In most cases, the TRF looks like regularization since it has worse training performance and a better holdout result. In these cases, the shape of the curve in the holdout is similar for the RF and the TRF. However, it might be the case that in most datasets, the low number of features does not enable it to find stability from a particular source. The most interesting case is also the one with the highest number of features, which is GE News. The interestingness of this case is that it provides evidence that phenomena we want to predict could be composed of many concepts, which change at different rates as time passes. At the same time, models cannot capture this nuance and tend to focus on simple and spurious relationships.

Nonetheless, the domain classifier points to a simple way to find a reason to try the TRF for a particular problem, and its performance does not lose by far in the cases it loses to the RF.

References

Moneda, L., & Mauá, D. (2022). Time Robust Trees: Using Temporal Invariance to Improve Generalization.
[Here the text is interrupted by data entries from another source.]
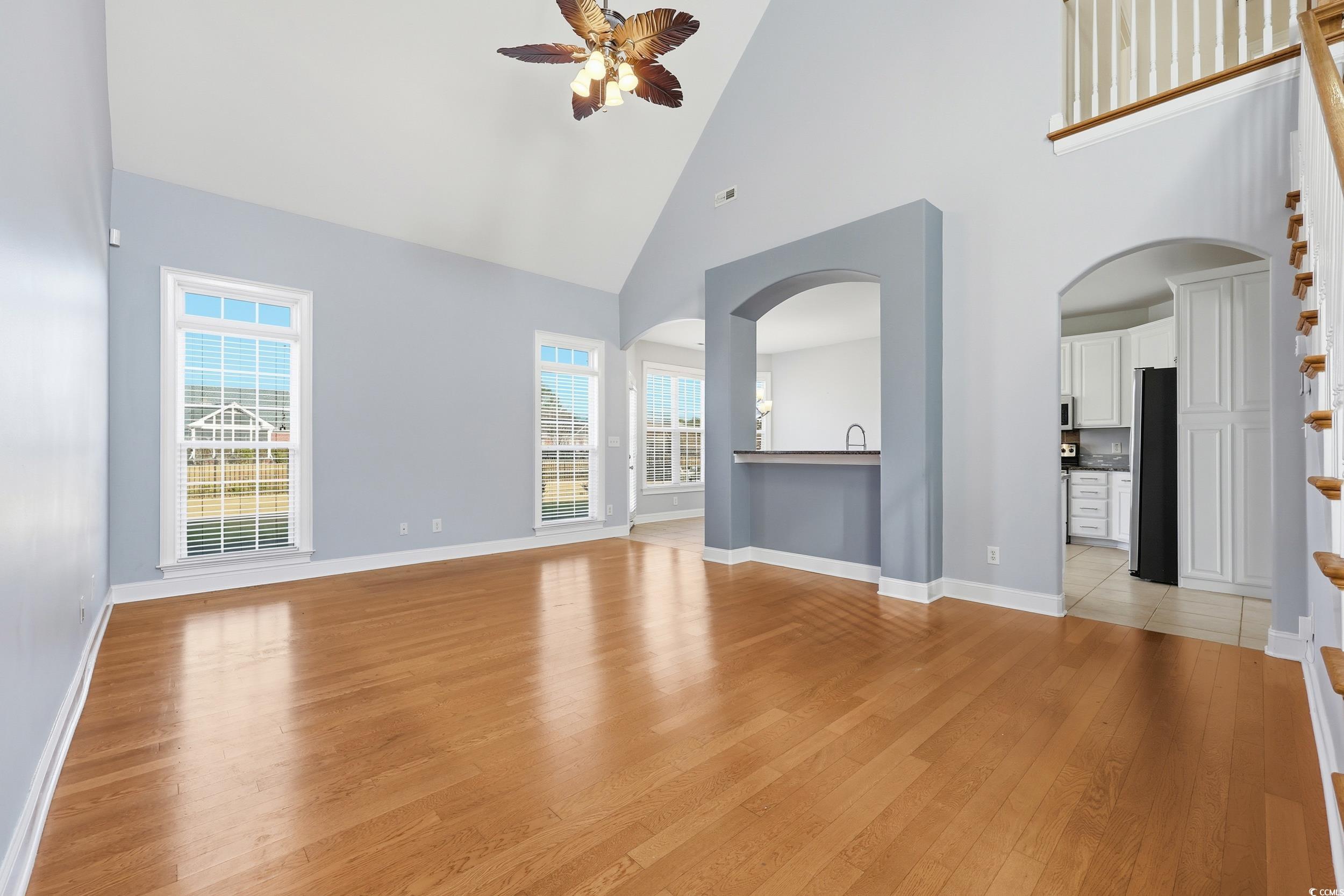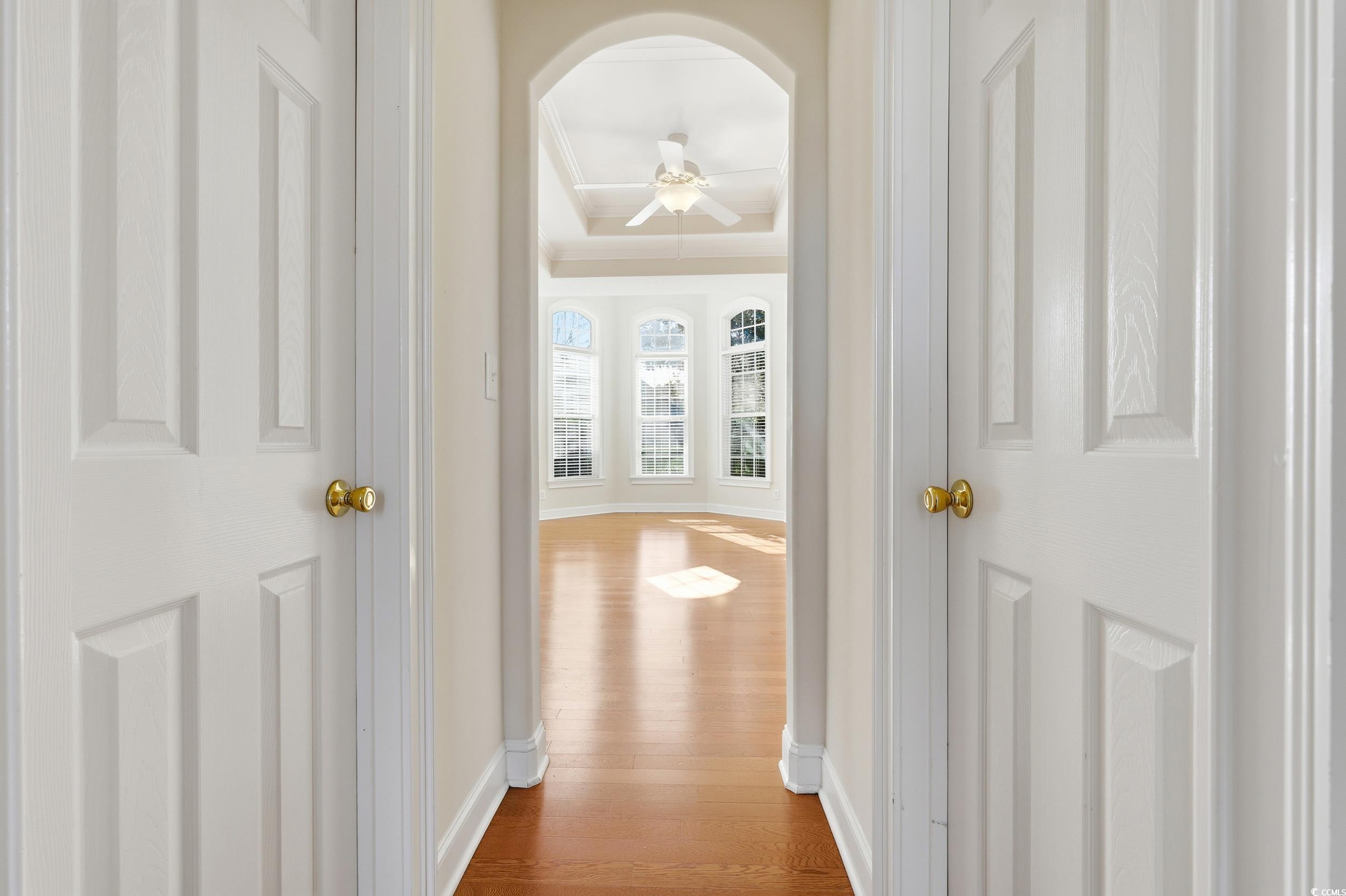 Imagine coming home to a stunning all-brick residence in the coveted Covington Lake community of Carolina Forest, where elegance meets comfort and every detail has been thoughtfully upgraded. This stunning all-brick 5-bedroom, 3 bath home is packed with upgrades. From the moment you step into the grand 20+ foot foyer, youll be captivated by the soaring ceilings, abundant natural light, and gleaming hardwood floors that flow seamlessly throughout the main living spaces. Enter the gourmet kitchen, a chefs dream with crisp white cabinetry, granite countertops, stainless-steel appliances, and a brand-new BOSCH dishwasher. Whether youre hosting a formal dinner in the dedicated dining room or enjoying a casual meal with family, this space is designed to impress. All measurements and square footage are approximate and not guaranteed. Buyers are responsible for verification, including HOA information. The first-floor primary suite is your private retreat, complete with a tray ceiling, sitting area, dual walk-in closets, and a spa-like bathroom featuring dual vanities, a tiled walk-in shower, and a jacuzzi tub. Across the home, a guest suite offers privacy for visitors, in-laws, or extended family. Upstairs, three additional bedrooms provide endless flexibilityuse one as a bonus room, theater, game room, or home office. The homes recent updates bring peace of mind and modern convenience: new HVAC systems with smart thermostats, fresh custom paint on first level, new chandeliers and lighting, a new jacuzzi tub motor, ADT security system, a new aluminum backyard fence, updated landscaping with lighting, and an in-ground sprinkler system. Big-ticket items like the roof (2021), water heater (2022), and HVAC (2024) have all been meticulously maintained. Step outside and relax in your private backyard overlooking tranquil pond views, with white marble rock, custom curbing, and a propane hookup perfect for grilling or adding a fireplace. The front has mature landscaping and new curb scaping. The community itself is a treasure, with sidewalks, lakes, a pool, playground, and ample parking, all just minutes from shopping, dining, schools, medical facilities, golfing, and the beach. This is more than a houseits a place to create memories, entertain loved ones, and embrace the coastal lifestyle youve always dreamed of. Schedule your showing today and step into your dream home.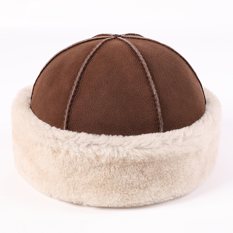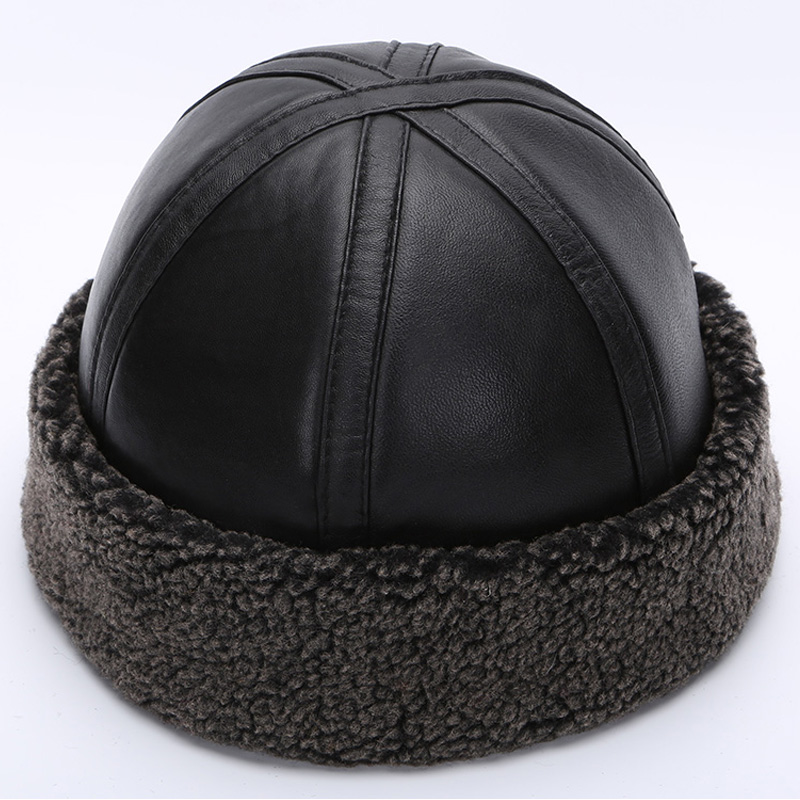 冬季中老年真皮帽子男老人羊皮加厚地主爷爷老头保暖护耳西瓜棉帽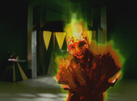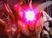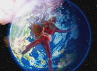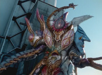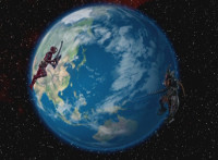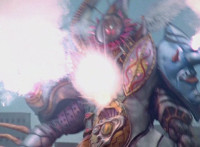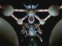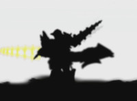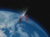 Triassic raises a fist, then turns around and teleports himself and Ugly Monster up into space, floating just above the Earth. There, they clash blades sparkily, Triassic sparkily slashing the monster, and tries to do so again, only for Ugly to grab the blade. |
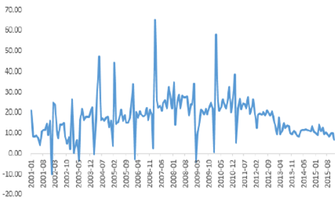 2001-2015年中國限額以上服裝鞋帽針紡織品類零售額YOY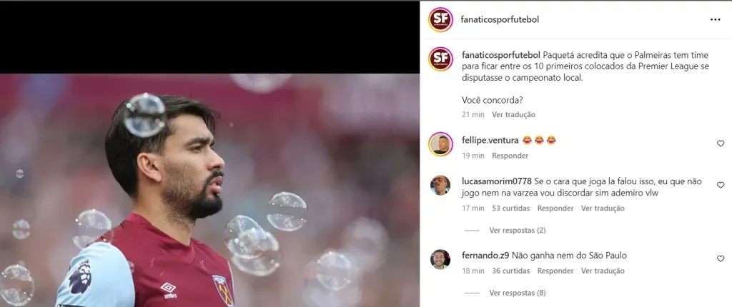Na mesma entrevista, o jogador do West Ham surpreendeu ao falar sobre qual a posição que o Palmeiras, atual campeão brasileiro, terminaria na Premier League se disputasse o campeonato local.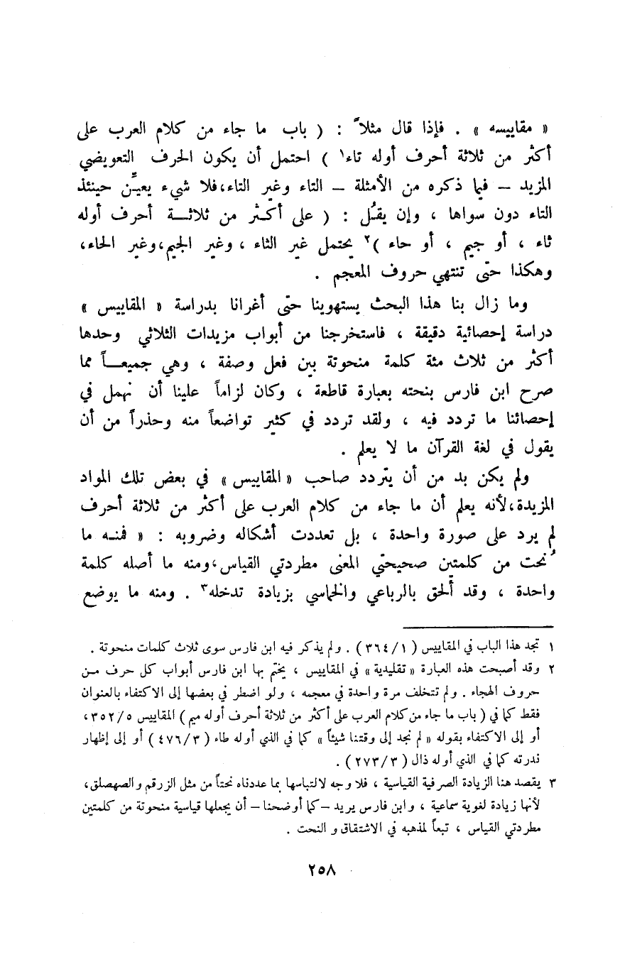 3 يقصد هنا الزيادة الصرفية القياسية، فلا وجه لالتباسها بما عددناه نحتًا من مثل الزرقم والصهصلق؛ لأنها زيادة لغوية سماعية، وابن فارس يريد -كما أوضحنا- أن يجعلها قياسية منحوتة من كلمتين مطردتي القياس، تبعًا لمذهبه في الاشتقاق والنحت.

BRACIS 2022. ↩
Moneda, L.: Globo esporte news dataset (2020), version 18. Retrieved March 31, 2021, from https://www.kaggle.com/lgmoneda/ge-soccer-clubs-news ↩
Chicago, C.: Chicagocrime-bigquerydataset(2021), version 1. Retrieved March 13, 2021 from https://www.kaggle.com/chicago/chicago-crime ↩
Daoud, J.: Animal shelter dataset (2021), version 1. Retrieved March 13, 2021, from https://www.kaggle.com/jackdaoud/animal-shelter-analytics ↩
Mouill, M.: Kickstarter projects dataset (2018), version 7. Retrieved March 13, 2021, from https://www.kaggle.com/kemical/kickstarter-projects?select=ks-projects-201612.csv ↩
Shastry, A.: Sanfrancisco building permits dataset (2018), version 7. Retrieved March 13, 2021, from https://www.kaggle.com/aparnashastry/building-permit-applications-data ↩
Sionek, A.: Brazilian e-commerce public dataset by olist (2019), version 7. Retrieved March 13, 2021, from https://www.kaggle.com/olistbr/brazilian-ecommerce ↩
Mitchell, T.: 20 Newsgroup dataset (1996). They are retrieved from sklearn. ↩

Moneda, Luis (2022). "Time Robust Tree experiments on real datasets". Retrieved August 22, 2025, from lgmoneda.github.io.